Aber, Fegter behauptet ja auch, dass “Jungen und Mädchen” aus der Unterschicht gleichermaßen schlechter abschneiden als “Jungen und Mädchen”, die nicht aus der Unterschicht kommen. Nehmen wir diese Behauptung kurz ernst, obwohl sie im Widerspruch zu Aussage (1) steht, in der behauptet wurde, die Unterschiede zwischen Mädchen und Jungen bei allgemeinbildenden Schulabschlüssen seien auf das schlechtere Abschneiden von Jungen aus der Unterschicht (und Migrantenjungen, die wir der Einfachheit halber zur Unterschicht rechnen) zurückzuführen, und übertragen wir diese Behauptung abermals auf die entsprechenden Anteile, dann ergibt sich abermals keine Änderung. Wie man deutlich sehen kann, wenn man den schwarzen Linien, die die linke mit der rechten Abbildung verbinden, folgt, ändert eine Unterteilung derjenigen, die mit oder ohne Hauptschulabschluss von der Schule gehen, weder bei Jungen noch bei Mädchen etwas am Gesamtanteil der entsprechenden Abgänger unter allen Abgängern allgemeinbildender Schulen, und es ändert überhaupt nichts an der Gesamtverteilung, die nach wie vor zeigt, dass Jungen im Vergleich zu Mädchen deutliche Nachteile im Hinblick auf die schulische Bildung haben.

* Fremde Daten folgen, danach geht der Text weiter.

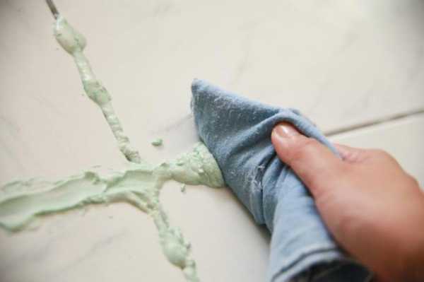 - Очистите швы от излишков затирки. Чем быстрее вы это сделаете – тем проще она будет удаляться.
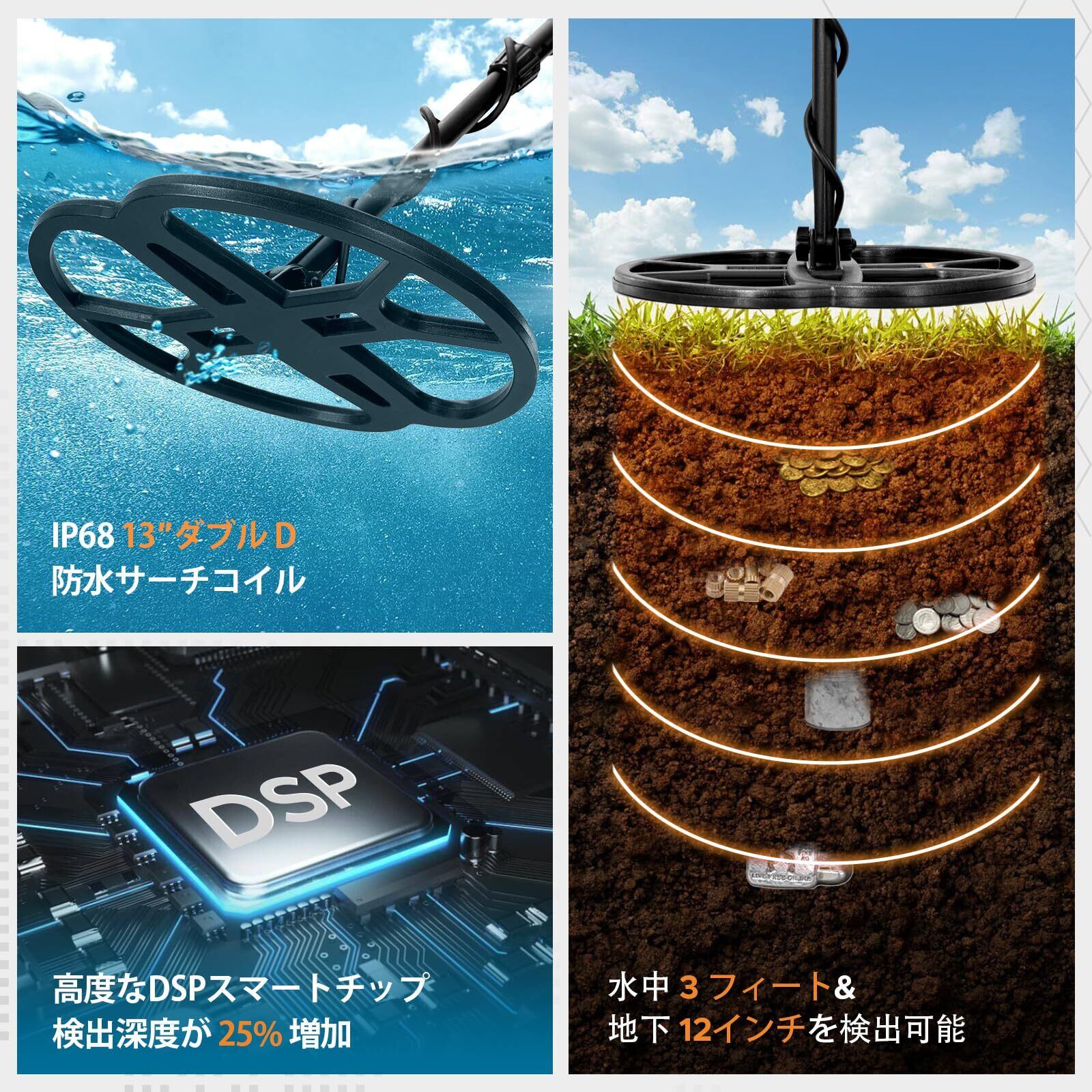 Hazlewolke ダブルD金属探知機 高感度 防水サーチコイル ピンポイント 識別モード LCDバックライトディスプレイ 宝探し ゴールド探知機

Ich habe die graphische Darstellung gewählt, weil ich weiß, dass “diskursanalytisch Fabulierende” in der Regel eine Aversion gegen Zahlen haben. Daher verbinde ich mit dieser Darstellung die Hoffnung, dass Farbflächen einer entsprechenden intellektuellen Verarbeitung eher zugänglich sind (wenn es hilft, Frau Fegter, stellen Sie sich einfach vor, es handele sich um Fingerfarben…). Nun zu den beiden verbleibenden “zentralen korrigierenden Hinweisen”, warum Jungen im Vergleich zu Mädchen keine Nachteile bei der schulischen Bildung haben:
(2) “Jungen sind in den PISA Studien auch in den Spitzengruppen überrepräsentiert. Mehr Jungen als Mädchen erreichen die höchste Kompetenzstufe …”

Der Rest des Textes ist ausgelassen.